Starting boldly. Legal scholars, with their own law faculty, were among the founders of our university, which was built between 1554 and 1558 in the Collegium Jenense. It was inaugurated by imperial preorgative of Ferdinand I. as a Saxonian-Ernestine state university, after Wittenberg (with its university) had fallen to the Saxonian-Albertine line of the Wettins in 1547 and was "lost" to the Ernestine rulers. At the centre of academic teaching was the jus commune - and with it the central question of the 16th and 17th centuries, namely how to deal with the differences between this Roman-based law on the one hand and the local law, which was largely based on the Sachsenspiegel, on the other. This also led the legal scholars of the early Jena university (e.g. Gregor Brück, Basil Monner, Virgil Pingitzer and Matthias Wesenbeck) out of the lecture hall. They were not only university teachers, but judges, privy councillors, educators of princes, and conciliar and consistorial lawyers. The law faculty was itself a court and its members also provided Jena's magistracy (Schöffenstuhl), the High Court (Hofgericht) in Jena, and the sovereign's chanceries and consistories with knowledge and personnel. Whoever needed legal advice - courts, rulers, lawyers, litigants - turned to the faculty. Its professors were in the middle of the Europe-wide exchange of legal ideas inspired by the Jus Commune and helped draft early modern laws (e.g., in the case of Matthias Wesenbeck, the "Kursächsische Konstitutionen"). The founders were also associated with Martin Luther, Philipp Melanchthon and the Ernestine Saxon electors/dukes. In 1530, Gregor Brück formulated the "Augsburg Confession" of the Protestant imperial estates, co-founded the Schmalkaldic League and so took a Protestant axe to the Holy Roman Empire of the German Nation. In 1557 he was involved in the enlargement of a grammar school into a university/faculty.

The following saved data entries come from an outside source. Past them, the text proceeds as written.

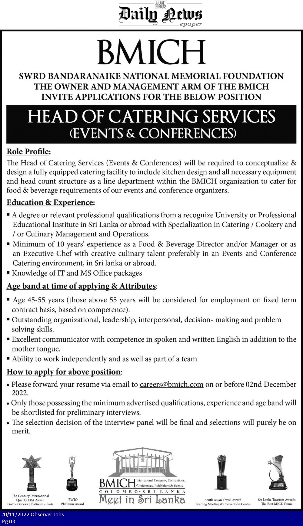 Head of Catering Services - Bandaranaike Memorial International Conference Hall
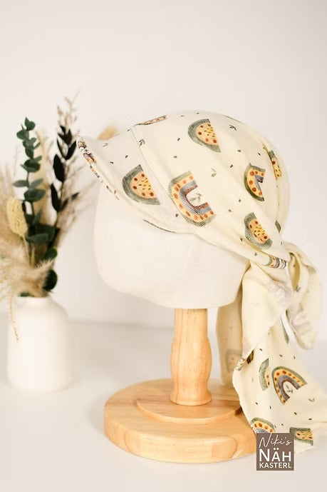 Angenehm kühlend, temperaturausgleichend und mit natürlichem UV-Schutz – dieses Tuch aus feiner Wolle-Seide-Mischung ist perfekt für warme Tage. Durch die Bindetechnik passend für einen Kopfumfang bis ca. 54cm (ca. 14 Jahre) und ideal für empfindliche Haut.
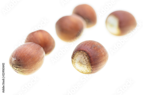 Ripe hazelnut nuts isolated on white background
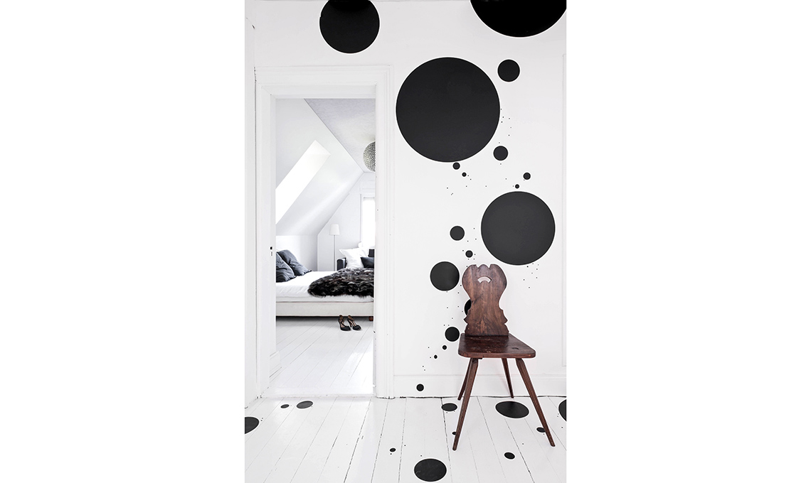 1. Disegna sul retro della plastica adesiva nera opaca D-C-fix [Hornschuch] dei cerchi di diametri diversi. Ritagliali e fai a parete una prova di composizione, fissandoli con il nastro adesivo in carta, in modo che l’ordine sembri casuale.
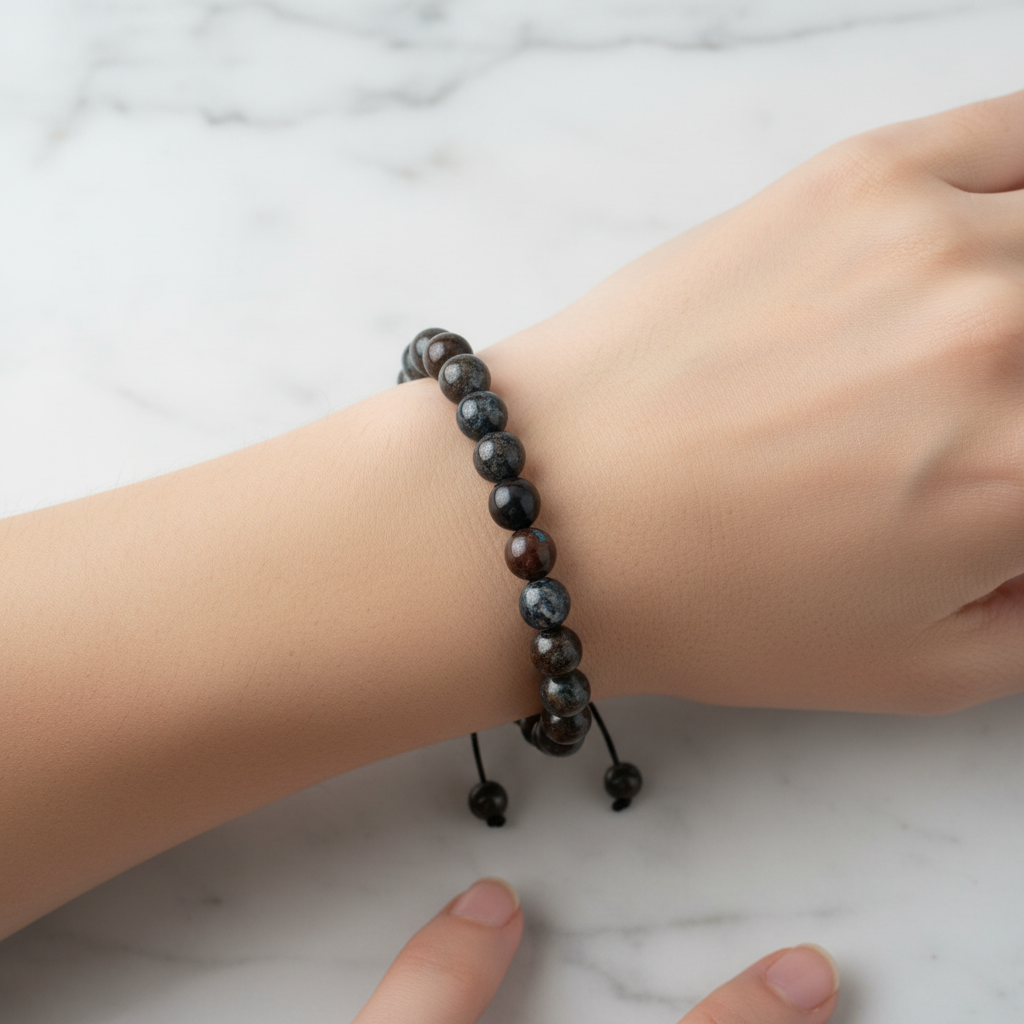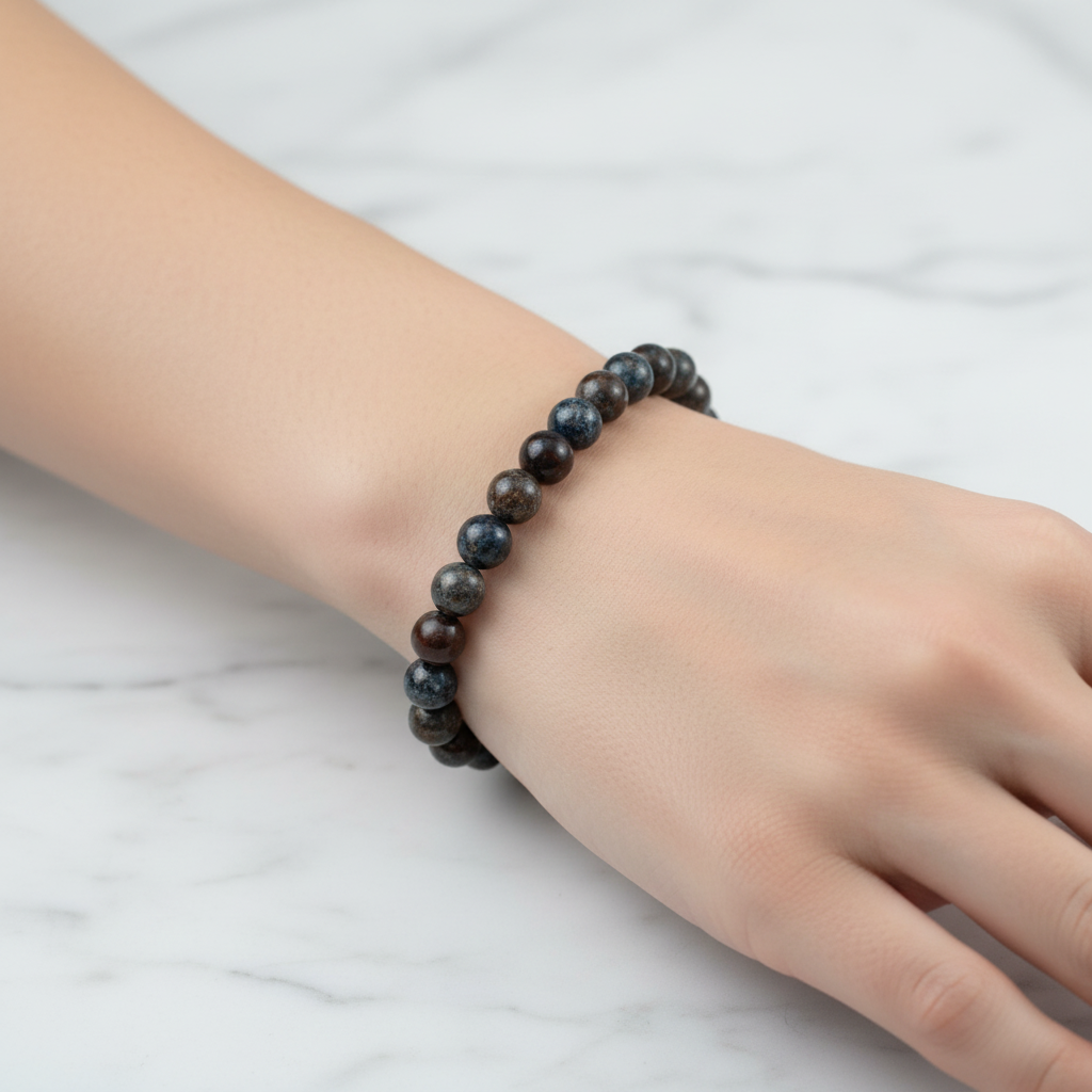 Azurit 8 mm Merdiven Kapama Doğal Taş Bileklik – El İşçiliği
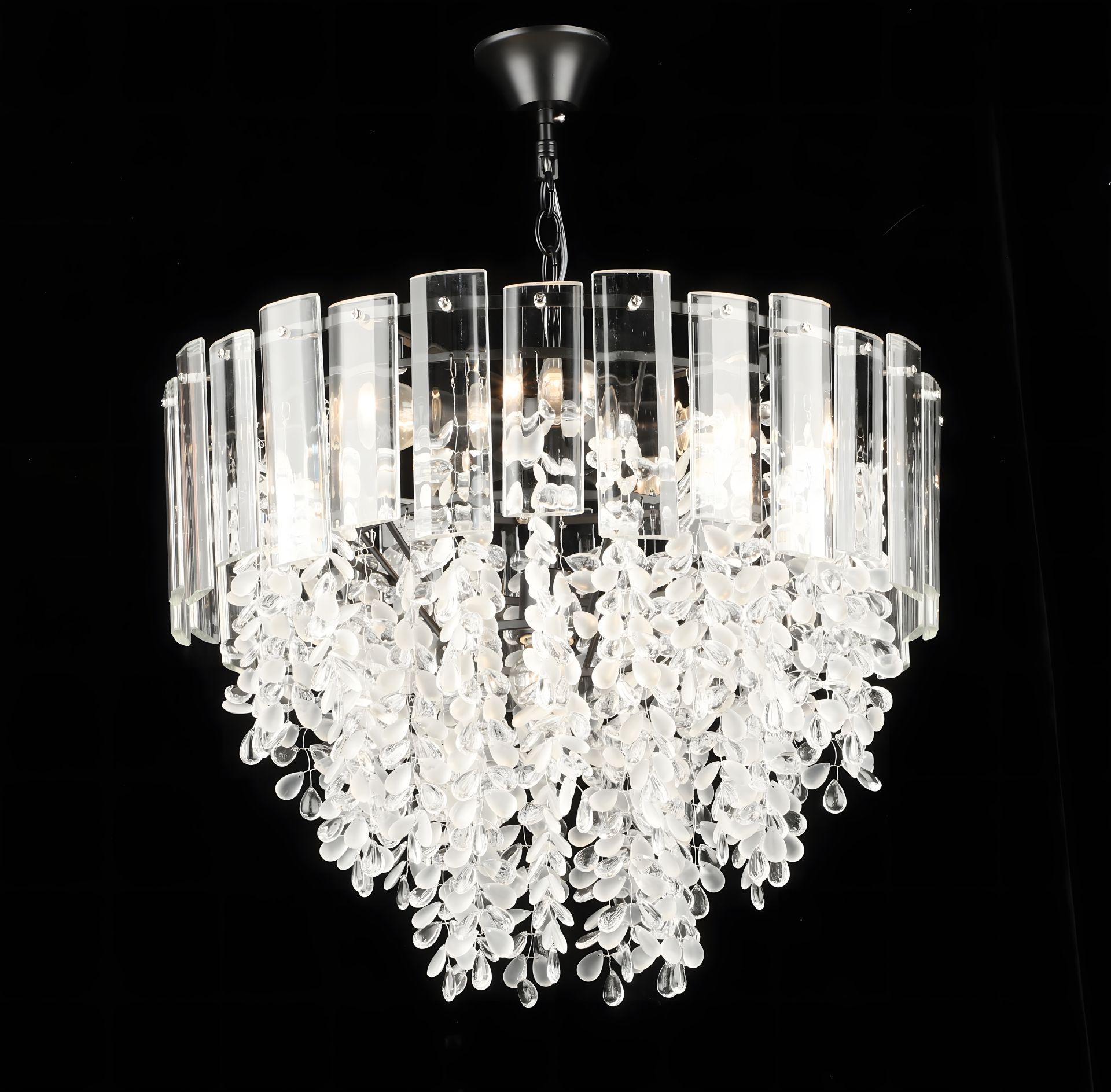 Виготовлена з високоякісної сталі та витонченого скла, що імітує кришталеві елементи, люстра S2475/6 вирізняється довговічністю та сміливим дизайном з сучасними нотками. Її оптимальні розміри (Ø500 × H380 мм) дозволяють гармонійно вписатися в більшість інтер'єрів, а глибокий чорний колір створює ефектний контраст, підкреслюючи блиск кришталевих елементів.
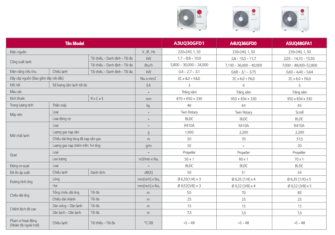 THÔNG SỐ KỸ THUẬT DÀN NÓNG LG MULTI SPLIT INVERTER
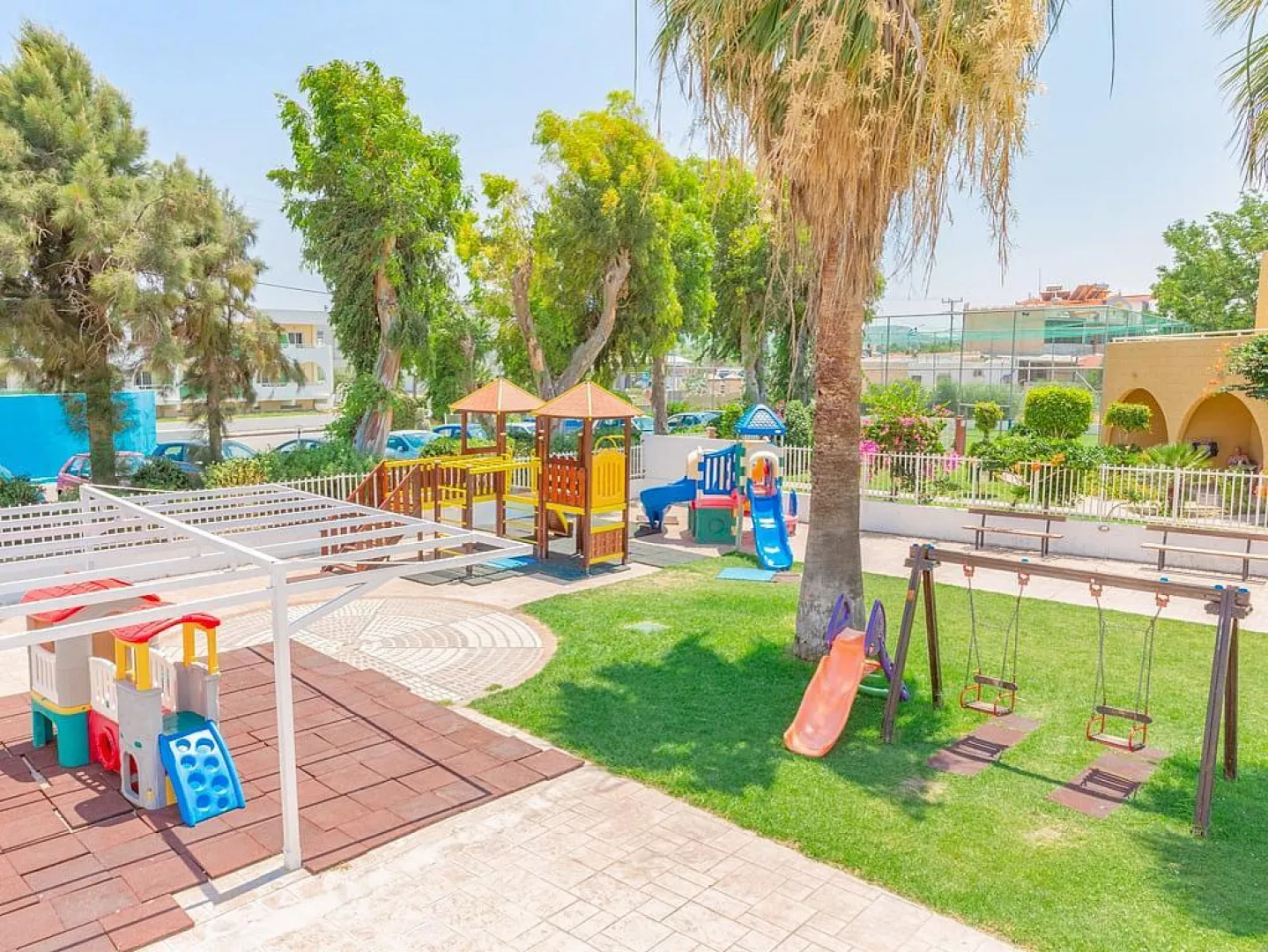 V hlavnej budove sa nachádza vstupná hala s recepciou, minimarket, reštaurácia a trezor (za poplatok). V záhrade sú k dispozícii menšie 2–3 poschodové budovy, bary, bazény, terasa s ležadlami a slnečníkmi, ktoré sú k dispozícii zadarmo.
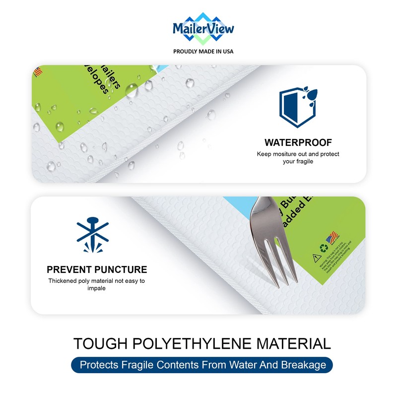 - American-Made: Poly Bubble Mailers in the 8.5x12 inch size are proudly made in the USA.
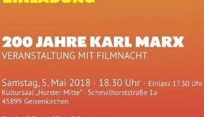 05.05.2018 18:30 Uhr Kultursaal „Horster Mitte”, Schmalhorststraße 1a, 45899 Gelsenkirchen Festakt mit Ansprache von Gabi Fechtner, MLPD-Vorsitzende, vielfältige Beiträge und …
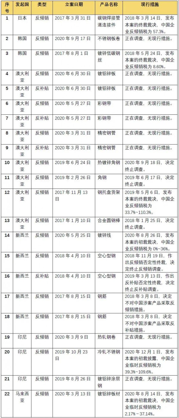 2017-2020年期間,反傾銷調(diào)查方面,以澳大利亞發(fā)起立案調(diào)查數(shù)量最多居首位,共7起。但值得注意的是,除2020年最新立案的3起調(diào)查還未發(fā)布措施外,其余4起案件中有3起均以終止調(diào)查結(jié)案。馬來西亞、泰國和新西蘭以4起新立案位列第二,且在馬來西亞對華鍍鋅鐵案中裁定出0的最低反傾銷稅率。印尼緊隨其后,分別在2019-2020年期間對中國發(fā)起3起反傾銷原審立案調(diào)查,其中,兩起無現(xiàn)行措施,一起發(fā)布初裁披露。韓國和越南對中國進(jìn)口鋼鐵類產(chǎn)品各發(fā)起2起反傾銷調(diào)查。最后是日本,于2017年對中國進(jìn)口碳鋼焊接管道連接件產(chǎn)品發(fā)起反傾銷調(diào)查。反補(bǔ)貼調(diào)查方面,澳大利亞于2020年啟動共3起對華原審立案調(diào)查,目前正在調(diào)查中,無現(xiàn)行措施。新西蘭于2018年就進(jìn)口自中國的空心型鋼發(fā)起反補(bǔ)貼調(diào)查,但最終認(rèn)定補(bǔ)貼幅度低于2%,不會對新西蘭產(chǎn)業(yè)造成實(shí)質(zhì)性損害。

Sticking with it. Jena's legal education and scholarship in the 17th and 18th centuries were embedded in the process, accelerated by the religious schism, in which the German Empire dissolved into its territories. The doctrine of sovereignty, which granted the individual prince comprehensive power of the state in his territory, was mainly supported in Jena by Dominik van Arum and his student Johannes Limnäus. Both uncoupled legal thinking on constitutional law from Roman law and developed their own doctrine of constitutional law based on the constitutional reality of the empire. Many graduated from the Faculty to serve as experts for the surrounding territorial dominions, thus strengthening them. The usus modernus Pandectarum, which gave the local law an autonomous position in relation to Roman law, also established itself in the Faculty in the second half of the 17th century under the auspices of Georg Adam Struve - for many years professor, dean, rector and privy councillor. Struve's influence was far-reaching: his "Iurisprudentia Romano-Germanica forensis" was a standard legal textbook - beyond as well as within Jena - for more than a hundred years from 1670. Nor were natural law and legal encyclopaedias absent from Jena: Gottlieb Hufeland advocated them both. And, moreover, Friedrich Schiller knew this!
Making it big. Jena's "Sattelzeit" around 1800 was pregnant with modernity. Between 1790 and 1810, the great movers of German intellectual life - including lawyers - gathered in Jena. Friedrich Carl von Savigny, the founder of the Historical School, which dominated jurisprudence in the 19th century, did not hold a professorship in Jena, but he stayed here several times for extended periods, and his greatest adversary in the codification dispute, Anton Friedrich Justus v. Thibaut, taught Roman law in Jena. Thibaut's work Über die Notwendigkeit eines allgemeinen bürgerlichen Rechts in Deutschland ('On the Necessity of a General Civil Law for Germany') (1814) caused Savigny, to write his reply Vom Beruf unserer Zeit für Gesetzgebung und Rechtswissenschaft ('Of the Vocation of our Age for Legislation and Legal Science'). The Jena scholarly republic sparkled and also ignited the brightest star in the Jena legal sky: Paul Johann Anselm Feuerbach. In sharp contrast to the early modern theory and practice of poena arbitraria, he formulated the principle of nulla poena sine lege and, with his concept of "psychological coercion", he freed the science and legislation of criminal law from the focus on the sole retribution of injustice.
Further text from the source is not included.